**DATA TO PROCESS**

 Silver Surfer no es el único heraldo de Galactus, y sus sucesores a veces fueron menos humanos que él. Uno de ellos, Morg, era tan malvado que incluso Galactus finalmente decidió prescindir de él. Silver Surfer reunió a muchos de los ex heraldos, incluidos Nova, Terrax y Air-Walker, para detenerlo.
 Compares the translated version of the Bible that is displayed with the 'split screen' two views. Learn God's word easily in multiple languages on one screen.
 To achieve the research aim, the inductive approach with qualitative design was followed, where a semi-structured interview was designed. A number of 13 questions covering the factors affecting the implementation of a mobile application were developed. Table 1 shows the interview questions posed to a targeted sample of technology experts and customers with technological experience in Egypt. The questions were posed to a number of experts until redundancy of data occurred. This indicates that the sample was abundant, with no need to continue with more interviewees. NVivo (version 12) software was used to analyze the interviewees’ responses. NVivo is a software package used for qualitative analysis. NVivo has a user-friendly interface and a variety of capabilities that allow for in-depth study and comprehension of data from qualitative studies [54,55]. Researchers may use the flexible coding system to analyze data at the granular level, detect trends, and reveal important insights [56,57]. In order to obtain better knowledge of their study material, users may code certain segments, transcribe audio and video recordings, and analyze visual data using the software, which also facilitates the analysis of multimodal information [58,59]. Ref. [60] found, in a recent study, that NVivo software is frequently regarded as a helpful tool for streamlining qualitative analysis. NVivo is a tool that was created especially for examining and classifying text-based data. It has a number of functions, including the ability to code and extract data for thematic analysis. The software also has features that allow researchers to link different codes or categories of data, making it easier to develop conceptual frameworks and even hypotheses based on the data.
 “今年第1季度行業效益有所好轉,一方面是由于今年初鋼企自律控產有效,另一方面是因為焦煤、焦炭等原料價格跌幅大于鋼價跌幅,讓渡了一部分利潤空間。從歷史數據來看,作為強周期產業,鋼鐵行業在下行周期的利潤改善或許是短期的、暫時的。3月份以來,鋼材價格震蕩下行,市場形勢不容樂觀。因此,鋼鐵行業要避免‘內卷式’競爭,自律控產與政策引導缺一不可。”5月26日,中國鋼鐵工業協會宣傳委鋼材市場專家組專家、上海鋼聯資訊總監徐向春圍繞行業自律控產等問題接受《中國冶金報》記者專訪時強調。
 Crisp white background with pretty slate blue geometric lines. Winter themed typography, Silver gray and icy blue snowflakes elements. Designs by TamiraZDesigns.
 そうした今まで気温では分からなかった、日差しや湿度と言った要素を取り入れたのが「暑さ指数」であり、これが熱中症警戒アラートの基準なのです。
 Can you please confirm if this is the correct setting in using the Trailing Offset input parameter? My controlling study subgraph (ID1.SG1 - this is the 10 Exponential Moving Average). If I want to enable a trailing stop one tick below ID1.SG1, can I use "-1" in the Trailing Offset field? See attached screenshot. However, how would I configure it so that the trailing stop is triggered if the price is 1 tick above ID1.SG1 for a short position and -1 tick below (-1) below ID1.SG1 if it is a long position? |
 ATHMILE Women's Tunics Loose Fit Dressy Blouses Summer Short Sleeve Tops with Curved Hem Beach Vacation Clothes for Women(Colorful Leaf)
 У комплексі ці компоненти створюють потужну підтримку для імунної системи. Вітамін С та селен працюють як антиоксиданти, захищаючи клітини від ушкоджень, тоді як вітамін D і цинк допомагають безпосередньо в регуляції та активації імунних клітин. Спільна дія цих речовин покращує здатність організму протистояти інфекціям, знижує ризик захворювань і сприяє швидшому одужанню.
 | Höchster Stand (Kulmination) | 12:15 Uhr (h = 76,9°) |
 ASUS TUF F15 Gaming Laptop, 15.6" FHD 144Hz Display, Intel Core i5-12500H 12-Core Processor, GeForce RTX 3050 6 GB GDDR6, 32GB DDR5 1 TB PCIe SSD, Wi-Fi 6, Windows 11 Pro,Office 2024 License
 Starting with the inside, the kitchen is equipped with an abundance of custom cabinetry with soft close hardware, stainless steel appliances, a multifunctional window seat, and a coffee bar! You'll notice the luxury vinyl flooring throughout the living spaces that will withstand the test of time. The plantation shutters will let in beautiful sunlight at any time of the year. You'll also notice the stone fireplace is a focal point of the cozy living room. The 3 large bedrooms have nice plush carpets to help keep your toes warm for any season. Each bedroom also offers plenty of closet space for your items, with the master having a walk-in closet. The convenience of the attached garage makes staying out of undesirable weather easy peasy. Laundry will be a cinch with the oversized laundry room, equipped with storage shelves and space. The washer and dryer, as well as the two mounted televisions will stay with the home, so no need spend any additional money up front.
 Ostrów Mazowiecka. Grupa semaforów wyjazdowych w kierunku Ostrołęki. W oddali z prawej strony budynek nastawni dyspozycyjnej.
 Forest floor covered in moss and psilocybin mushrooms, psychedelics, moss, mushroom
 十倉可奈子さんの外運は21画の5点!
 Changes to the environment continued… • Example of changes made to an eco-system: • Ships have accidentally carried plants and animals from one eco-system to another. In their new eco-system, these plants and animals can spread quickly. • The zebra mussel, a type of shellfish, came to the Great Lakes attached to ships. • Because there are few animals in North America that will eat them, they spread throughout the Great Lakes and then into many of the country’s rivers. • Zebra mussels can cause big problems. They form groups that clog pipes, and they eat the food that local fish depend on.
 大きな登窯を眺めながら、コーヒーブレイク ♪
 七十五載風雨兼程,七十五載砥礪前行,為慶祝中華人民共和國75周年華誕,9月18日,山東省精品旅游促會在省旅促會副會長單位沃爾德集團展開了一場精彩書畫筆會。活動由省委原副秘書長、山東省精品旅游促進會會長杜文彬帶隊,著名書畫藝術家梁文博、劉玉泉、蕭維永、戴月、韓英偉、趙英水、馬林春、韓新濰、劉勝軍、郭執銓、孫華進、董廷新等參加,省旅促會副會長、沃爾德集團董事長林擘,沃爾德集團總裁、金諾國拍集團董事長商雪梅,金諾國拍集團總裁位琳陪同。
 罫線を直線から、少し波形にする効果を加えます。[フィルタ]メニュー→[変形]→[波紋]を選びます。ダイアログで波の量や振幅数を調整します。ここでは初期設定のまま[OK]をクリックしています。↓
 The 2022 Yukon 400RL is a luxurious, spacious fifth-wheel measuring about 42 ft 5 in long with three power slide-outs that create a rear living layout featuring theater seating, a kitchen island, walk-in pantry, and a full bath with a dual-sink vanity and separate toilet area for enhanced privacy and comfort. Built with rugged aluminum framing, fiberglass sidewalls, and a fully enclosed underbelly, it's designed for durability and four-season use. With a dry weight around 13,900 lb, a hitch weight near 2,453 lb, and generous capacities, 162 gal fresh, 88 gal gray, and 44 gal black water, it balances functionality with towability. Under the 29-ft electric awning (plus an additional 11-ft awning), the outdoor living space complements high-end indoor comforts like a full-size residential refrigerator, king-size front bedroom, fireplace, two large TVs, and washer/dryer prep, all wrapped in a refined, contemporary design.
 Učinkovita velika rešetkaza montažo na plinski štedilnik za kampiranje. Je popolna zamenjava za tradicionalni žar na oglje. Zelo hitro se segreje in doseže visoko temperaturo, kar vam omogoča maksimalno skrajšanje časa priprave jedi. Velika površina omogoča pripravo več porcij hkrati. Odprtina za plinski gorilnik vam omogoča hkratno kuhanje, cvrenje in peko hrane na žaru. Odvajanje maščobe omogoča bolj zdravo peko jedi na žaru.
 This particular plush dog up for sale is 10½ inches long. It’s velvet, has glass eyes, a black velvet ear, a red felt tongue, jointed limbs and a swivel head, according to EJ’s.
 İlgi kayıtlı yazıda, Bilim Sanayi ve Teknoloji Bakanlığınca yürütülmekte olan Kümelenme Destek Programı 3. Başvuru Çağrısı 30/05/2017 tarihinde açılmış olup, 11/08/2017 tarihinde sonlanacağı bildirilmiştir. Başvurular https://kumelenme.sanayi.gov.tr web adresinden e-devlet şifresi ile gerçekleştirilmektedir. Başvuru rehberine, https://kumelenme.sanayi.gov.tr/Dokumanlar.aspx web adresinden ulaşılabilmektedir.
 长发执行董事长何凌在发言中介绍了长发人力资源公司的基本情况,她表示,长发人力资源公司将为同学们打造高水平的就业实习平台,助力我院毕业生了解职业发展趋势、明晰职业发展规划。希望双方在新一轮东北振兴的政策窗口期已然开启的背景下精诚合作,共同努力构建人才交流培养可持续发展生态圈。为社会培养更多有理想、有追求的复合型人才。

**DIRECTIONS FOR THIS TASK**
Your answer must be the lines from the first line of the records through the line containing "Compares the translated", copied exactly.

**SOLUTION TO THE PROBLEM**
 Silver Surfer no es el único heraldo de Galactus, y sus sucesores a veces fueron menos humanos que él. Uno de ellos, Morg, era tan malvado que incluso Galactus finalmente decidió prescindir de él. Silver Surfer reunió a muchos de los ex heraldos, incluidos Nova, Terrax y Air-Walker, para detenerlo.
 Compares the translated version of the Bible that is displayed with the 'split screen' two views. Learn God's word easily in multiple languages on one screen.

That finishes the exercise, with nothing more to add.